The underlying point still stands, though. The drawbacks of blindness or deafness far, far outweigh the benefits. Only a few potential counterexamples like Stevie Wonder or Ray Charles might exist, though we'll never know how popular they might have been had they not been blind, and certainly not every blind person has musical talent on that level.

Comment Re:Bu the wasn't fired (Score 1) 1116

Could someone patiently explain to me what's going on? Why is it seen as flamebait? Why do people think it's saying Eich should be punished for his private opinions when I say the exact opposite?

I agree that you say the opposite, but there are subtleties in this issue that can easily be missed by someone (like me) who hasn't followed this story very closely. I believe the nuance that mods have missed in your post was that Brendan Eich didn't just donate to some generic Prop 8 campaign as most news stories say. There is no such thing as "the Prop 8 campaign." There were several groups of people running campaigns to support Prop 8, and some of them were...mean-spirited, to put it lightly. The particular group that Eich supported ran ads with the underlying message that gay parents are doing harm to their children, and that rejecting Prop 8 would be harmful to children in general. Once I understood that (see this story, for example), your arguments made a lot more sense.

Comment Re:Projections (Score 1) 987

let's take HADCRUT4 as being at least a reasonably honest attempt to evaluate a global surface temperature anomaly even though they do not attempt to correct for e.g. UHI and hence almost certainly have a monotonic warming bias

A November 2013 paper (so, after AR5) pointed out that HadCRUT4 has no data from the polar regions, which might mean the most drastic warming -- in the Arctic -- is not taken into account (source). Obviously this will spur some further research, but whether it's true or not, there is an option c) the global mean surface temperature change has been underestimated.

Which is neither here nor there -- if global warming is disappearing into the oceans, that's fabulous news as the oceans can absorb the heat for a century and still hardly change temperature, if not, well, time will tell.

That might be generically true (I'll take your word for it), but the way it's happening -- absorbing CO2 -- is causing ocean acidification. We know this for sure, and it's a bad thing for current ocean life. Between that, overfishing, and pollution from oil and nuclear accidents, we're messing up a rather important food source.
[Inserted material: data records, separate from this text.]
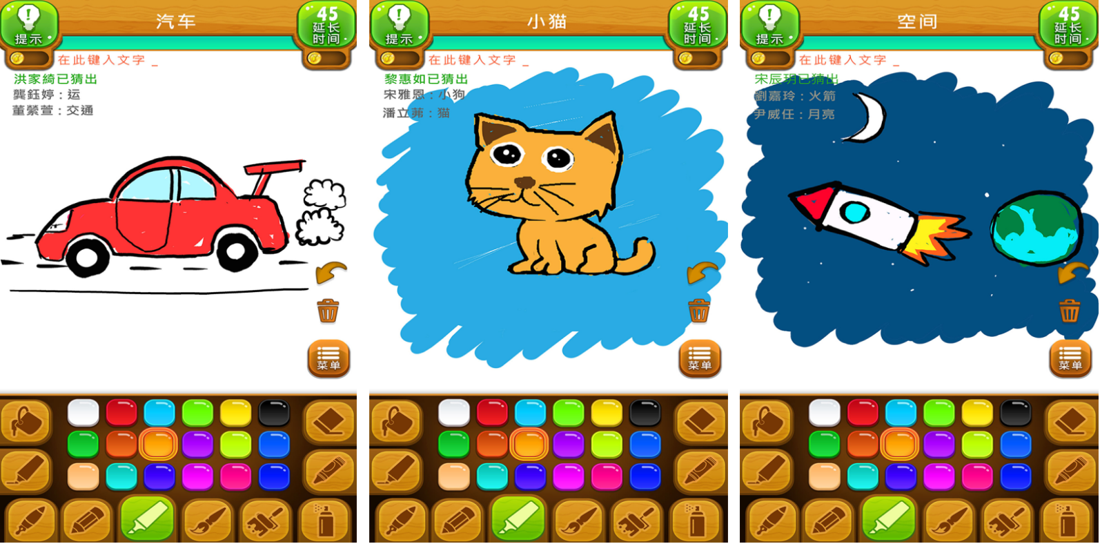 这款游戏非常容易理解,就是猜别人在画什么或者让别人猜出来你在画什么。在每关都会有时间限制,在规定的时间内如果其他玩家可以猜出来你在画什么,那么你就可以得到积分用来兑换各种道具,比如说不同颜色的画笔或者是可以增加人气的礼物等。而且在每轮对局中都会有积分排名,得分越高就证明你的画画能力和思维能力都会更好哦。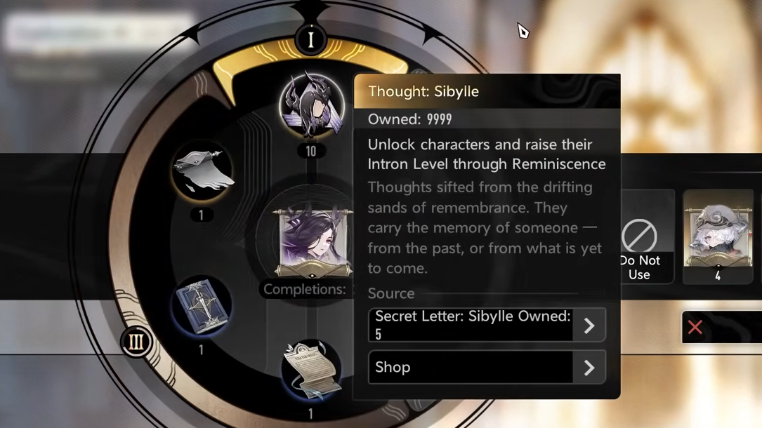 - Thoughts: character-specific drops; 30 Thoughts unlock a new character.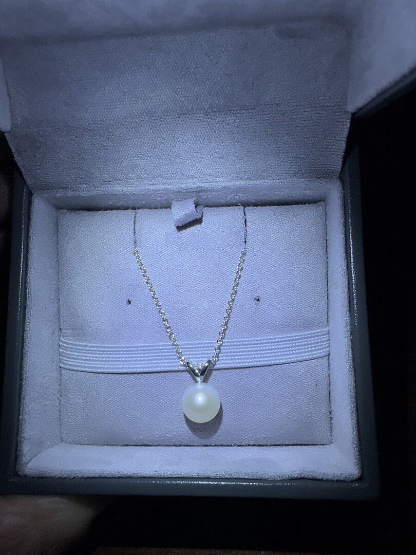 This Freshwater Pearl Solitaire V-Bale Pendant by Angara embodies classic elegance with its ultra-high luster cultured pearl, suspended gracefully from a polished 14k white gold V bale. The pendant reflects timeless beauty and natural sophistication, perfect for everyday wear or gifting.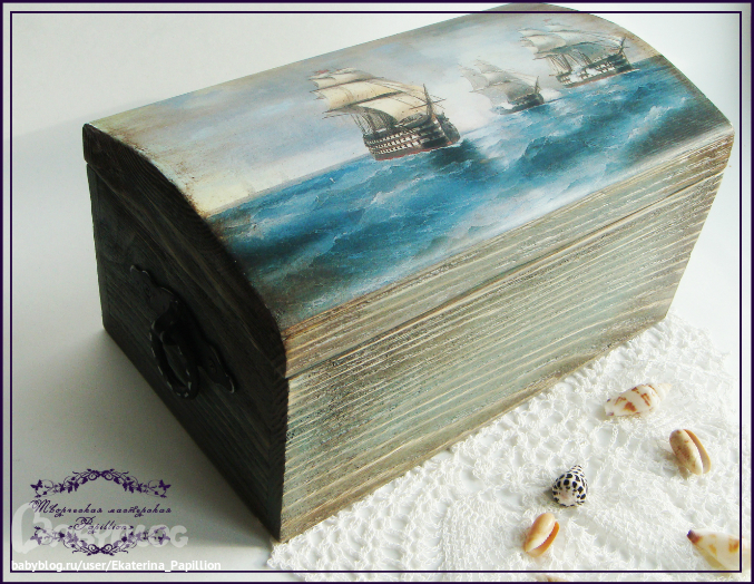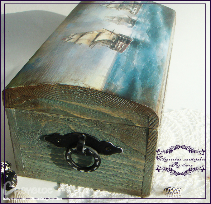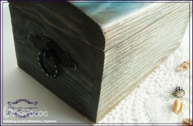 Заказали мне шкатулку с морской темой по мотивом той маленькой "Морской рапсодии", но большую, для бумаг. Взяла заготовку и стукнуло мне в голову, что тут надо браш сделать))) купила щетку, начала делать и поняла, что это я надолго тут застряну. Поэтому взяла дрель с насадкой щеткой. Подрала, поморила акрилом. Но тут меня ждал сюрприз. Цвет вообще не попала... вместо грязно-синего получился цвет морской волны. Поэтому я смешала несколько цветов морилки Плейд, развела чуток водой и получила то, что хотела)) потом попачкала Медиумом Антик Плейд 819. Наклеила истонченную распечатку на фотобумаге. Покрыла все Кивой п/мат. А потом сатиновым лаком Феррарио. Так уже мне нравится поверхность после него)) Фурнитуру по бокам просто пошкурила.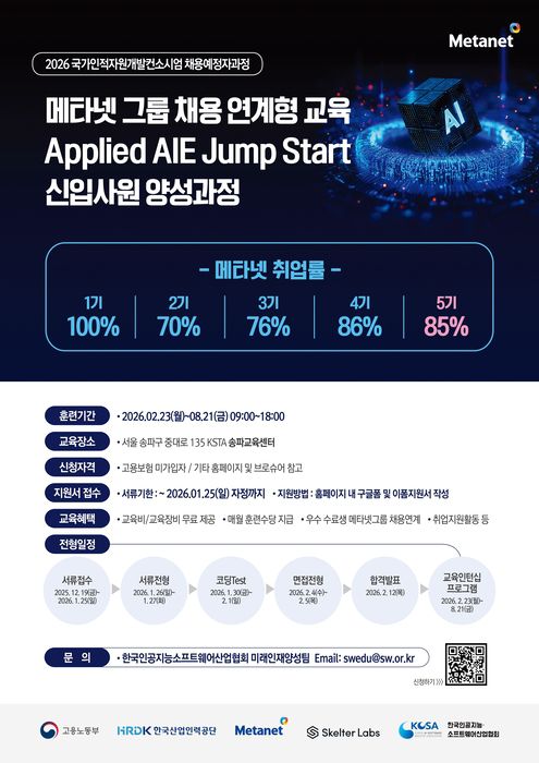 한국인공지능·소프트웨어산업협회(KOSA)가 '메타넷그룹 채용연계형 신입사원 양성과정' 교육생을 오는 25일까지 모집한다.

True, it may adapt as you implied in a later post, but it will cause upheaval in the meantime. In addition, I know researchers have proposed links between warmer oceans and extreme weather events like the polar vortices causing the cold snaps this year, that is, warmer oceans weaken the jetstream. But I don't know how much traction that has among climate scientists.
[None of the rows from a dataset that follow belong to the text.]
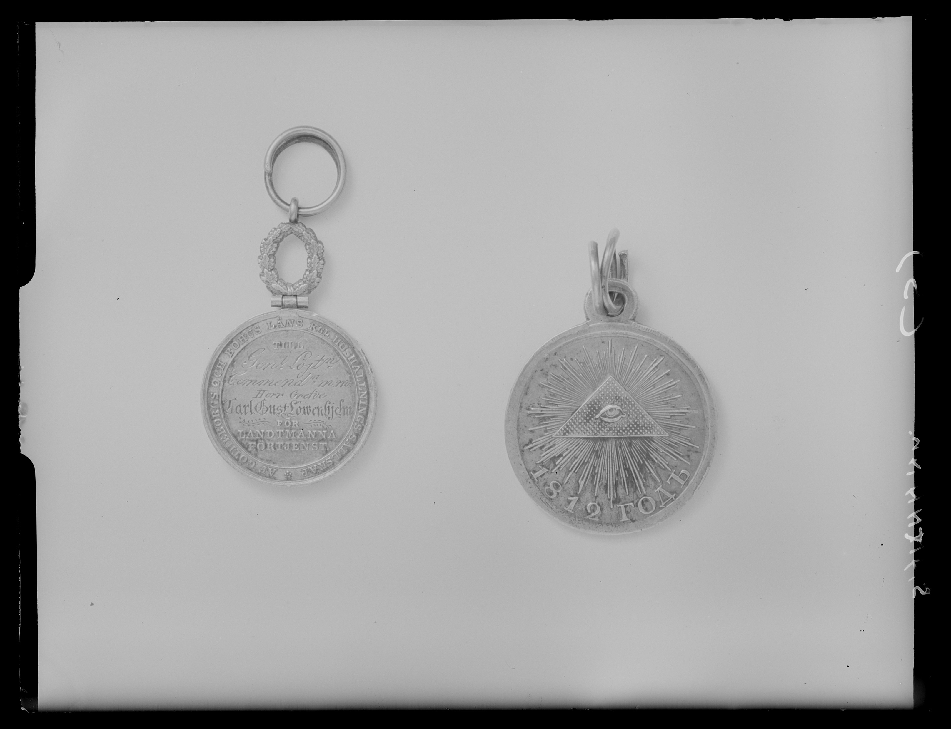 Åtsida: Guds allseende öga, rysk omskrift nertill: 1812 GODI (år 1812). Frånsida: rysk text: NE NAMb // A IMENI // TVOEMU (icke för oss, icke för oss utan för ditt namn (s ära)). Upptill platt ring, däri fäst spiralformig bandring.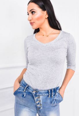 Bluzka o lekko melanżowej strukturze, z rękawem 3/4. Dekolt a'la serek. Klasyczny fason, dopasowana. Miękki i przyjemny materiał. Bez nadruków i dodatków - bazowy element stylizacji. Modne i uniwersalne kolory do wyboru. Produkt polski.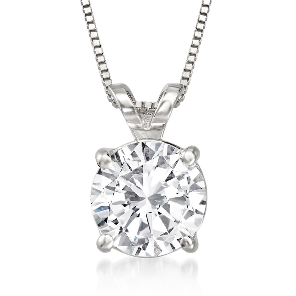 Timeless and classic is the solitare diamond necklace. This beautiful single diamond is set in a white gold four prong basket setting and hanges on a white gold box chain. This truly is the one piece of jewelry that matches not only every outfit but also timeless.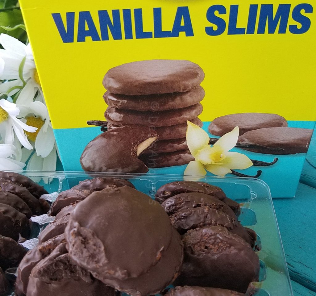 The Vanilla Slims are vanilla cookies that are described as dressed up in dark chocolate coating. These are similar to the Mint Slims and are crunchy, full of vanilla and most importantly chocolate coated!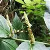 花细小,两性,稀单性,无梗,单生叶腋;萼与子房大部分合生成卵状椭圆形,萼全缘,常带紫色;无花盘;雄蕊1,生于子房上略偏一侧;花丝细,常短于花柱,被疏毛或无毛,花药红色,椭圆形,个字着生,顶端常靠在花药背部两药室之间,两裂,长约1毫米;子房下位,椭圆形,长不到1毫米,1室,内有1倒生胚珠,胚珠有一单层珠被,珠孔完全闭合,有珠柄,花柱宿存,针状,稍长于花丝,被疏毛,雌蕊先熟,主要为风媒传粉。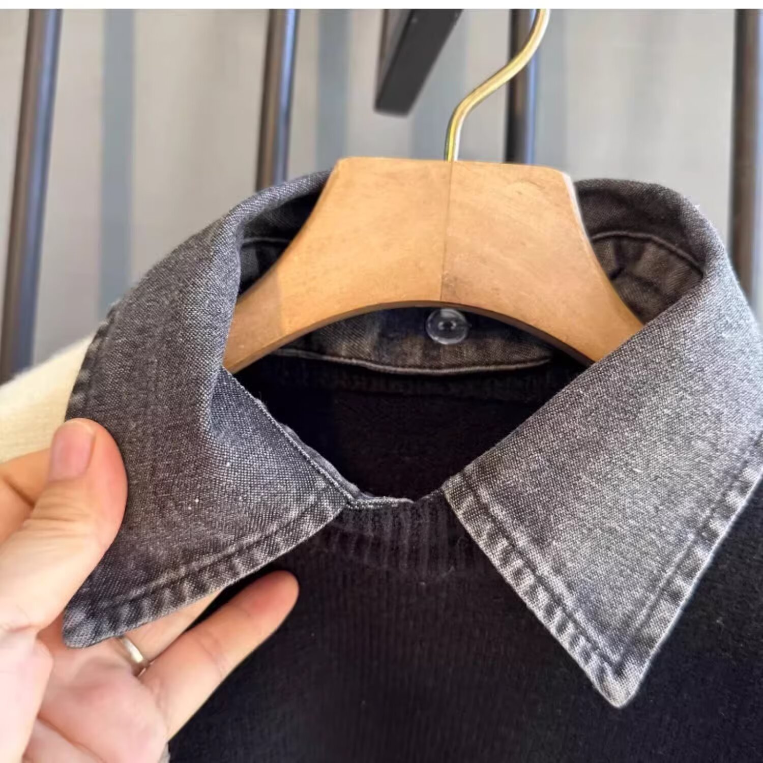 스웨터 소년 가을과 겨울 2024 새로운 홍콩 바람 새로운 따뜻한 스웨터 조수 브랜드 컬러 매칭 셔츠 칼라 헤어 세대스토어 가기

If you bother to actually go out and grab AR5 to read what it actually says instead of what distortions of summaries of paraphrases might have said, you might stop by and read paragraphs 9.2.2.2 and 9.2.2.3. They are sublime. Basically they say "We have no defensible reason to think that the average of all of the climate models in CMIP5 has the slightest actual meaning, and we have excellent reasons not to just take the numerical average of their individual mean predictions with equal weight and to prune out the failing models, but we're going present the numerical average of all of the models, including the ones that are overtly failing, anyway".

I just looked at those sections, and to me it reads, "these (Multi-Model Ensembles and Perturbed-Parameter Ensembles) are the types of simulations we've taken into account [9.2.2], these are their weaknesses [9.2.2.1-2], and this is how we combined them to evaluate them as a whole [9.2.2.3]." Perhaps you're referring to the direct quote "...collections such as the CMIP5 MME cannot be considered a random sample of independent models," which is repeating the weakness described in 9.2.2.1, which is that a lot of models in that set use components from other models in the set. To me that makes perfect sense because we do that in engineering all the time: reusing model components that (seem to) work well. I can see why that would seem fishy, though. It'd be nice to see someone dig into that and see what components are reused and how they might bias the results.